→ **PROBLEM STATEMENT**
Exactly reproduce the lines of the listing below from the one containing "past 3 months." through the one containing "同じ推しや趣味を持つ友達を探". Skip the images.

→ **INFORMATION PROVIDED**

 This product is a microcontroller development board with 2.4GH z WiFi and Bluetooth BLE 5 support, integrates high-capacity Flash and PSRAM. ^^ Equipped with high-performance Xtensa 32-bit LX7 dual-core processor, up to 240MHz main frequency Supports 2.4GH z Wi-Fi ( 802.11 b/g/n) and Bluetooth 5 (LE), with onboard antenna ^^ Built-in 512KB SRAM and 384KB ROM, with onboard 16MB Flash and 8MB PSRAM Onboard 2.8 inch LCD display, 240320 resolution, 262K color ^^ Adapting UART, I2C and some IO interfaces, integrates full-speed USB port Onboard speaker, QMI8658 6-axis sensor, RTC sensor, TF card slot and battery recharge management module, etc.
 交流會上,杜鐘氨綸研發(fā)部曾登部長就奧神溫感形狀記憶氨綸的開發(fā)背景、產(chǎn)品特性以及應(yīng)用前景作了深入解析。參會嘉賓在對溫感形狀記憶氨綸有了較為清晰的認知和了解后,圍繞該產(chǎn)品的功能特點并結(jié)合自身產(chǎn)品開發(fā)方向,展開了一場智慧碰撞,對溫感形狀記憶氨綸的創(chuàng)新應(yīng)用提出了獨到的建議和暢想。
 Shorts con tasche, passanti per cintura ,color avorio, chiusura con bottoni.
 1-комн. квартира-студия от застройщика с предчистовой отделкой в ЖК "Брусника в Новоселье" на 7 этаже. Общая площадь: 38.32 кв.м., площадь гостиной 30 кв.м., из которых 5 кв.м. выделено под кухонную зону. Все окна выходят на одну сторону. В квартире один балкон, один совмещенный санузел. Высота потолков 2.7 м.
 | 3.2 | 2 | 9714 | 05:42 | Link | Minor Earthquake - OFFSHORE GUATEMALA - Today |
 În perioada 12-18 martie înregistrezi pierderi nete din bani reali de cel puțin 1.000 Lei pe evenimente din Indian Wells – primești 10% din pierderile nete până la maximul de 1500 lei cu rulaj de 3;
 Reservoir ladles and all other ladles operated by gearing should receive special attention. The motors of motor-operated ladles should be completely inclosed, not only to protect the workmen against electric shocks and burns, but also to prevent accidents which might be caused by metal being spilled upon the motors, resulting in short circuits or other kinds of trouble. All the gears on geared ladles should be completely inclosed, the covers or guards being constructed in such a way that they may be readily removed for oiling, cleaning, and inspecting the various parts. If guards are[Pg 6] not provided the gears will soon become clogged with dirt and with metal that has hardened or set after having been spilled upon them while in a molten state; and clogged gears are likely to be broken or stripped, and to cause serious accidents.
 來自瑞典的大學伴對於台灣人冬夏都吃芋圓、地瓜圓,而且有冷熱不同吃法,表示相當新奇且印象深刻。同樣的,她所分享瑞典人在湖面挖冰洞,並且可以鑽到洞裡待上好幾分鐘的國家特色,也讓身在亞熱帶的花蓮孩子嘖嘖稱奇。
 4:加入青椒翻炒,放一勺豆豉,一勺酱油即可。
--
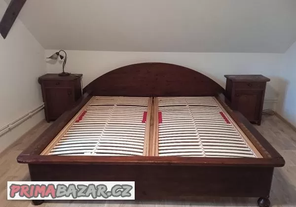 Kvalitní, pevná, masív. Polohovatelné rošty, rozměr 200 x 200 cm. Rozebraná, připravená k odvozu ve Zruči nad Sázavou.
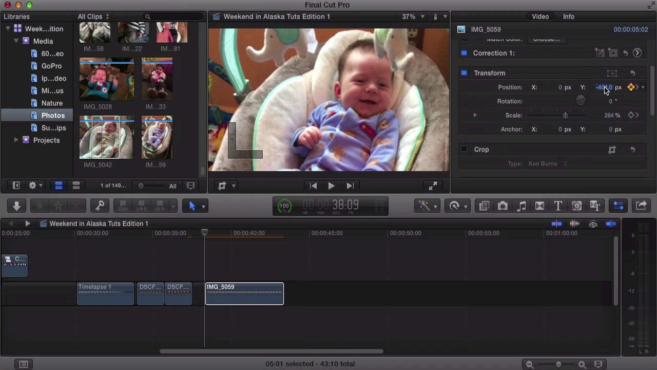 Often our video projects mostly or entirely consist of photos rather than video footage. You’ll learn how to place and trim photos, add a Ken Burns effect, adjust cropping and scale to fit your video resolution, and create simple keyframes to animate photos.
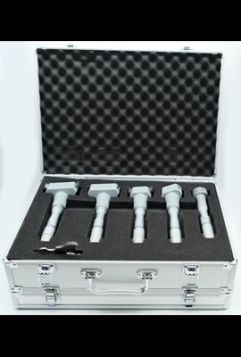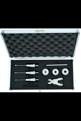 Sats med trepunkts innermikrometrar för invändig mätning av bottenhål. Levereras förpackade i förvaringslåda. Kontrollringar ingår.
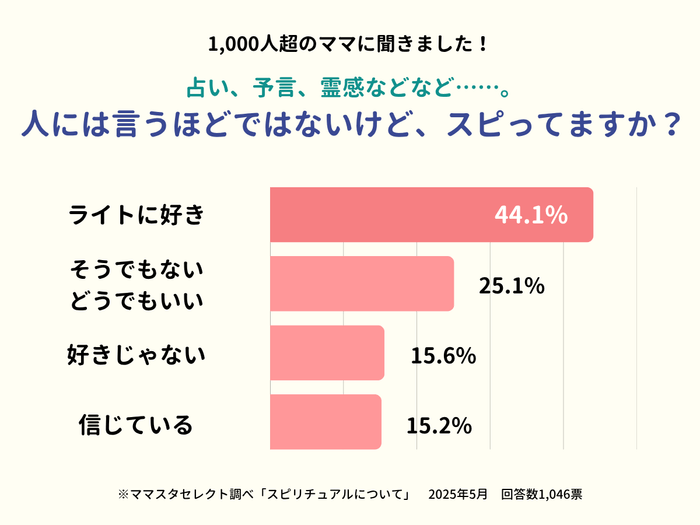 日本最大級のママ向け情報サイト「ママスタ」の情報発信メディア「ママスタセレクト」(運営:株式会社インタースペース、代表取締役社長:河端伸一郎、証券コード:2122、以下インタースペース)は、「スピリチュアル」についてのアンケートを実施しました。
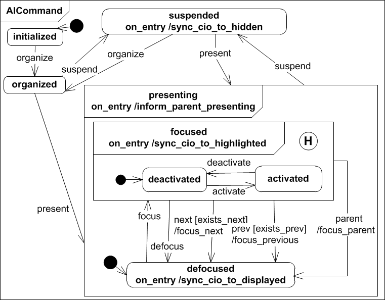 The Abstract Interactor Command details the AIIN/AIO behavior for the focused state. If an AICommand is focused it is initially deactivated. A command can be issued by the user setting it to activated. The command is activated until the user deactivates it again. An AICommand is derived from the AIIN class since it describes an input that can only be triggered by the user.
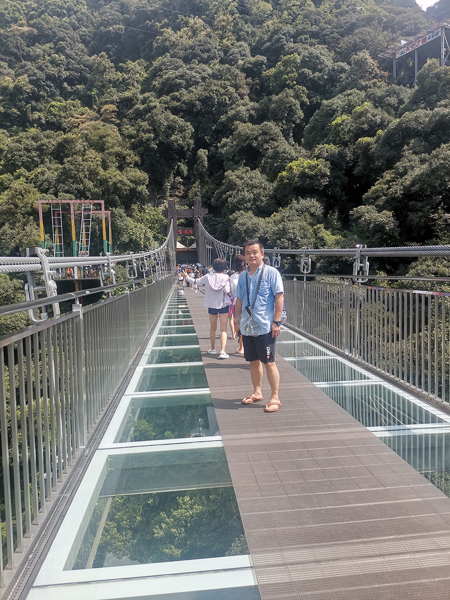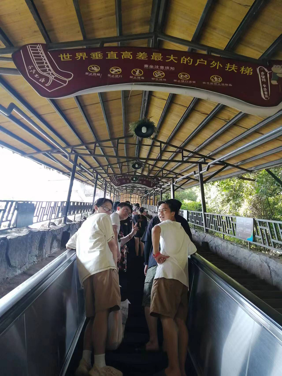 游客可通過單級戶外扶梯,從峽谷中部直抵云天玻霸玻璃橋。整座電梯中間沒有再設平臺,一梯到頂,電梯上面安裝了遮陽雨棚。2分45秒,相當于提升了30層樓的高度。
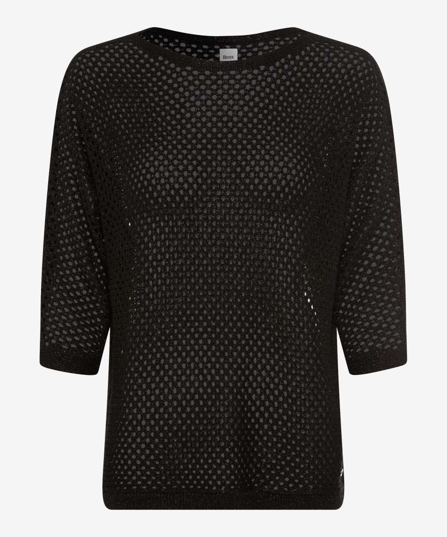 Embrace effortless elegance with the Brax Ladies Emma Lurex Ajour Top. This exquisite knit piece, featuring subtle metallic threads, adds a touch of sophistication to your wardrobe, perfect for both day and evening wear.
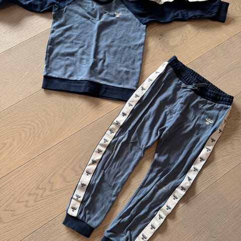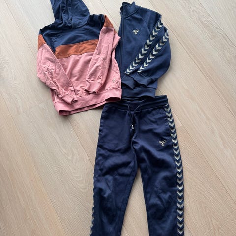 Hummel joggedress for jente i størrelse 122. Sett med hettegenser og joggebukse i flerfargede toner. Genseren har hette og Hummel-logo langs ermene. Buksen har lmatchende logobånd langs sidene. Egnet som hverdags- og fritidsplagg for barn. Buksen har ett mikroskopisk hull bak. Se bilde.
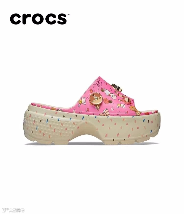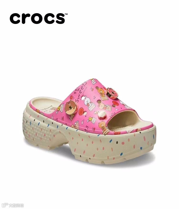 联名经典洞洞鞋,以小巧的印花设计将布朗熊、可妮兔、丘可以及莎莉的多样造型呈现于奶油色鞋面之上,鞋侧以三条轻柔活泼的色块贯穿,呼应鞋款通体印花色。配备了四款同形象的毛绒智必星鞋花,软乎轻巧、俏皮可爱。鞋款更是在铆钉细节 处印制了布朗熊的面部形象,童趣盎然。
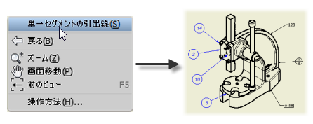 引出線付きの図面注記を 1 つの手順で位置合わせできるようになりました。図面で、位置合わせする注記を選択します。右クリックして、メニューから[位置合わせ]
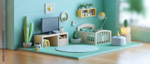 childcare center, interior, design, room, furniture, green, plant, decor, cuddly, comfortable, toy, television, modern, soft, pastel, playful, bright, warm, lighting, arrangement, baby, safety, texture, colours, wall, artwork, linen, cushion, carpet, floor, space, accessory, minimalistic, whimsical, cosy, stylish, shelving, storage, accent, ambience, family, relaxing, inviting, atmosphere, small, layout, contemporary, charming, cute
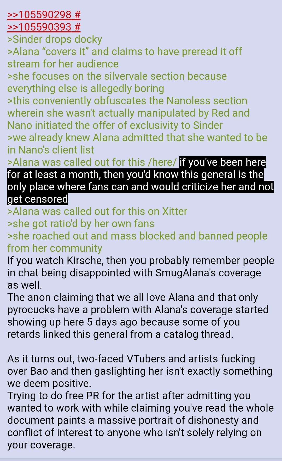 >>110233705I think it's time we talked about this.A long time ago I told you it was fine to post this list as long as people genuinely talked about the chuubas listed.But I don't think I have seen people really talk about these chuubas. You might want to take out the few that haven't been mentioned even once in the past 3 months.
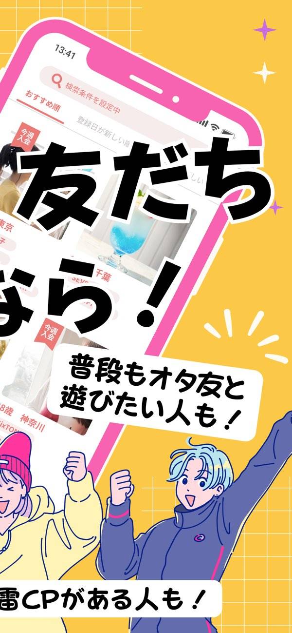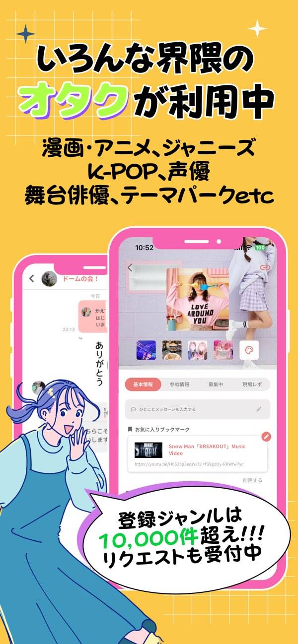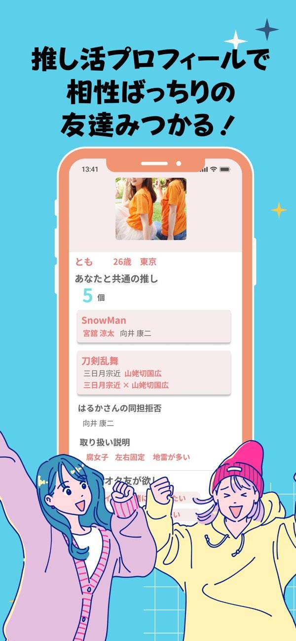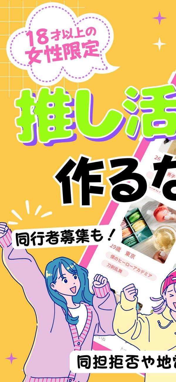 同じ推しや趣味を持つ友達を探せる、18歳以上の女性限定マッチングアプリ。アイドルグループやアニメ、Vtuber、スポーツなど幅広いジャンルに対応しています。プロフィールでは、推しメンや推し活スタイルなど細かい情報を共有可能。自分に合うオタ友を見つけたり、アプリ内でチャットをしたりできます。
--
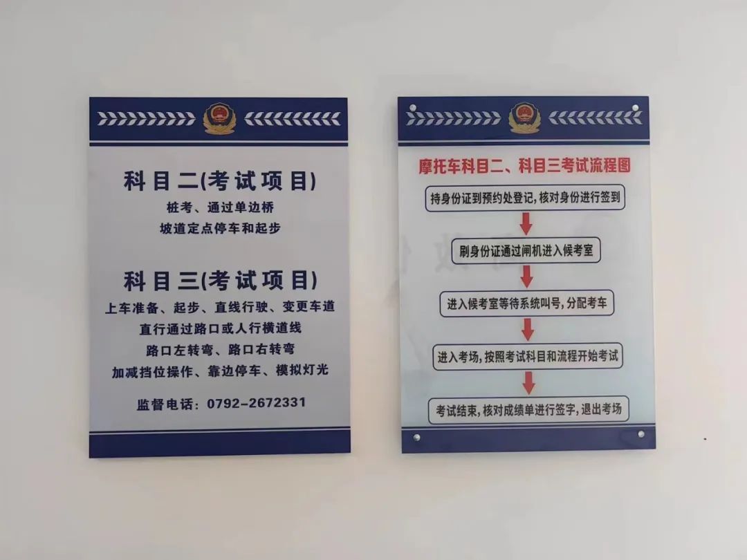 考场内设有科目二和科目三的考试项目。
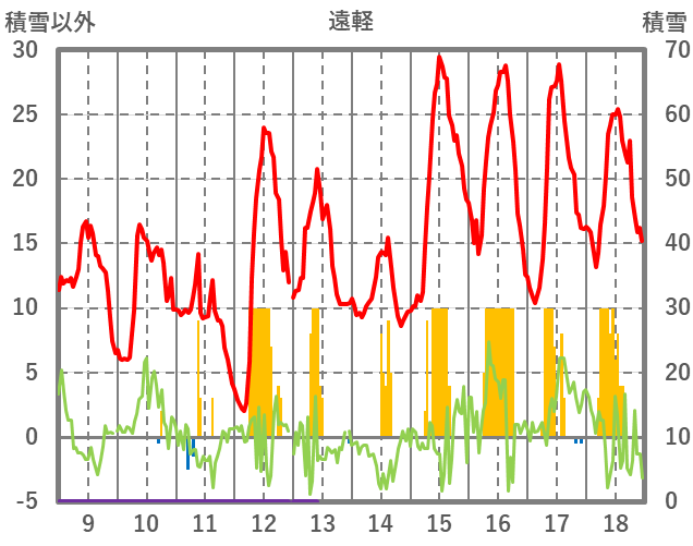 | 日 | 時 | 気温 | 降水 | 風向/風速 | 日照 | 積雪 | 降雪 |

→ **WRITTEN RESPONSE**
 >>110233705I think it's time we talked about this.A long time ago I told you it was fine to post this list as long as people genuinely talked about the chuubas listed.But I don't think I have seen people really talk about these chuubas. You might want to take out the few that haven't been mentioned even once in the past 3 months.
 同じ推しや趣味を持つ友達を探せる、18歳以上の女性限定マッチングアプリ。アイドルグループやアニメ、Vtuber、スポーツなど幅広いジャンルに対応しています。プロフィールでは、推しメンや推し活スタイルなど細かい情報を共有可能。自分に合うオタ友を見つけたり、アプリ内でチャットをしたりできます。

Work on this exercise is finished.